● **GIVEN RECORDS**
•••••
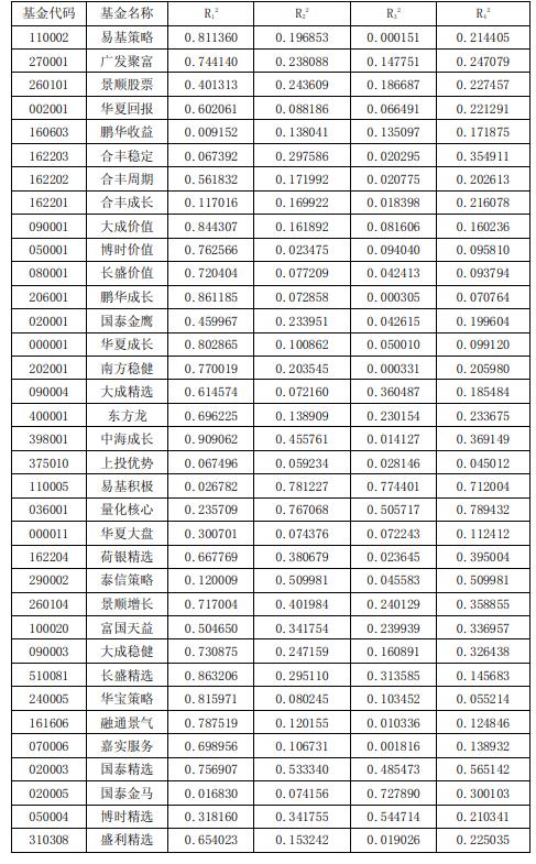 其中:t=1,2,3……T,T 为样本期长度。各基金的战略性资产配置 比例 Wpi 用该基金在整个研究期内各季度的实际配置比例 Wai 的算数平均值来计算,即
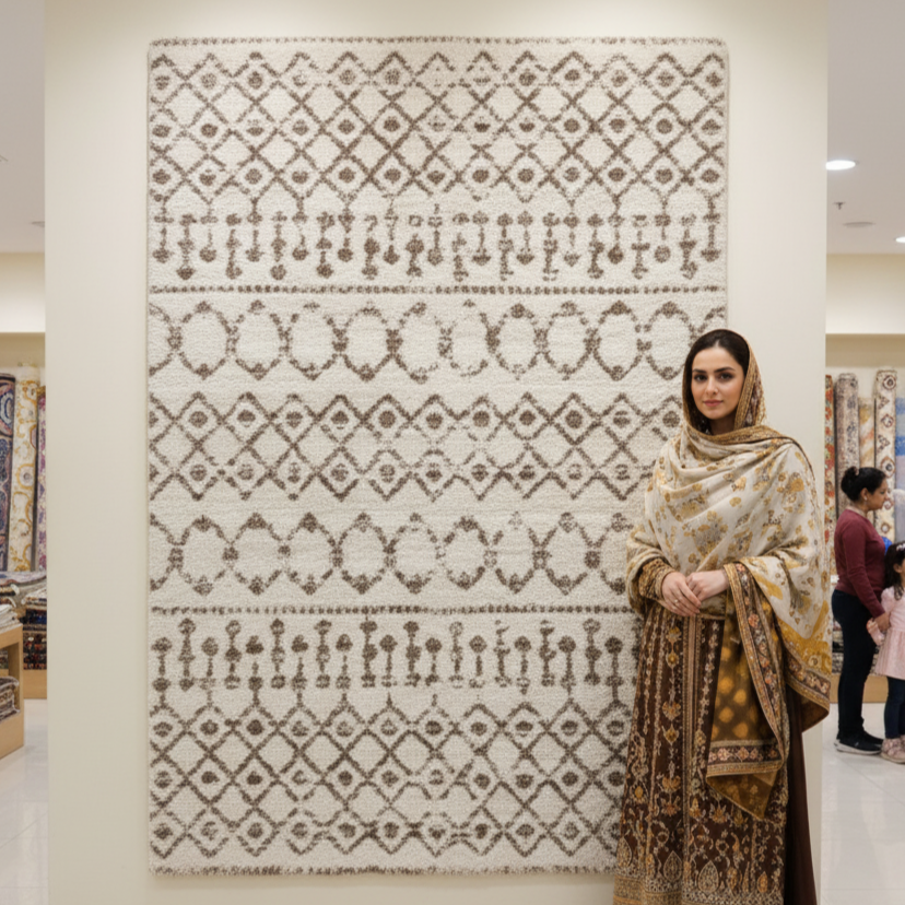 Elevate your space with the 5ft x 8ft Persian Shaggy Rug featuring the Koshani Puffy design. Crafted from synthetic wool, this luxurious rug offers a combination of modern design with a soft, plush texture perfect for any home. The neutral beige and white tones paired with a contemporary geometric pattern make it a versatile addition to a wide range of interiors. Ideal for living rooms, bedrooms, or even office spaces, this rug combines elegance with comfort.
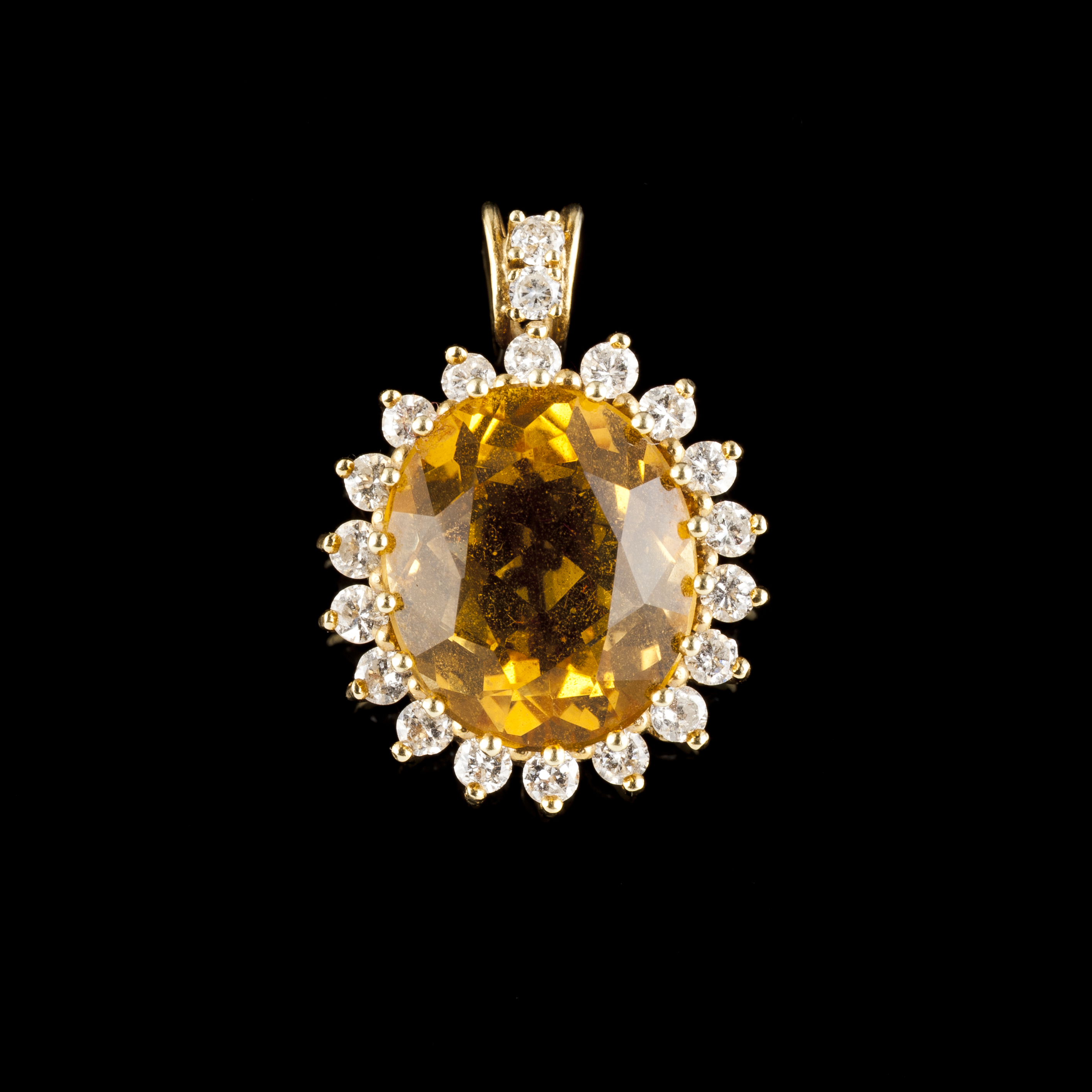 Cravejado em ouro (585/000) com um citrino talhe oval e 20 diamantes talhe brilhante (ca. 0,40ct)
•••••
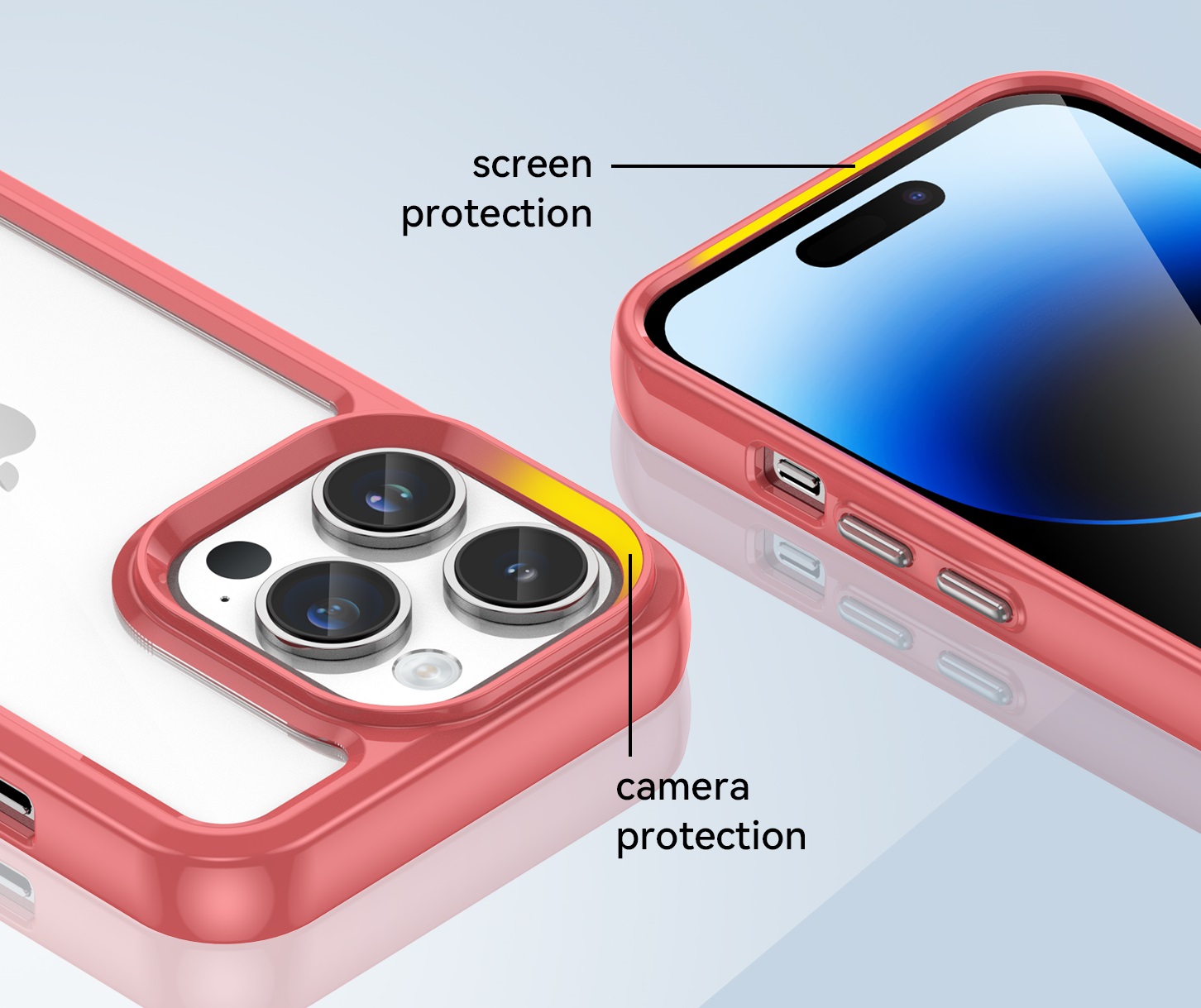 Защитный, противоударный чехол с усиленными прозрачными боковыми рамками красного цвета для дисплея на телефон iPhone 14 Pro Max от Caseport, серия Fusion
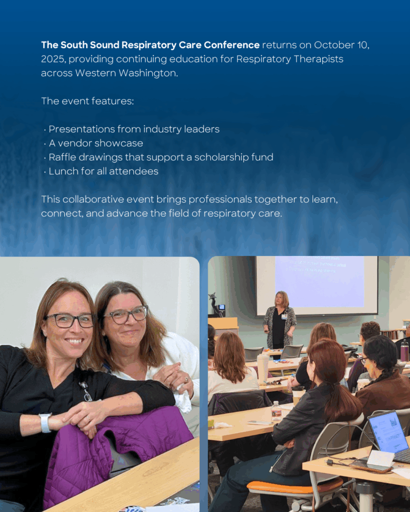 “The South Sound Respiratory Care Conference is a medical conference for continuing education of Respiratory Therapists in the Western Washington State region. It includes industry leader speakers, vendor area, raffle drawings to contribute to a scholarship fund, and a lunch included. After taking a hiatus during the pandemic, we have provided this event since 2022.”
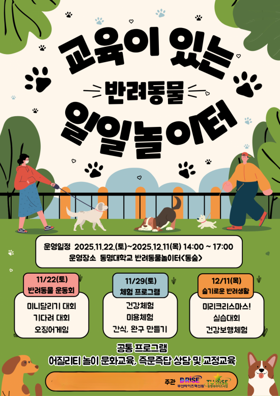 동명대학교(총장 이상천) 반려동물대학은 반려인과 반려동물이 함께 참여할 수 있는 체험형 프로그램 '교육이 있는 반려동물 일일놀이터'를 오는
•••••
Copy word for word only the lines above from the one with "Elevate your space" through the one with "Cravejado em ouro". Leave pictures out.

 Elevate your space with the 5ft x 8ft Persian Shaggy Rug featuring the Koshani Puffy design. Crafted from synthetic wool, this luxurious rug offers a combination of modern design with a soft, plush texture perfect for any home. The neutral beige and white tones paired with a contemporary geometric pattern make it a versatile addition to a wide range of interiors. Ideal for living rooms, bedrooms, or even office spaces, this rug combines elegance with comfort.
 Cravejado em ouro (585/000) com um citrino talhe oval e 20 diamantes talhe brilhante (ca. 0,40ct)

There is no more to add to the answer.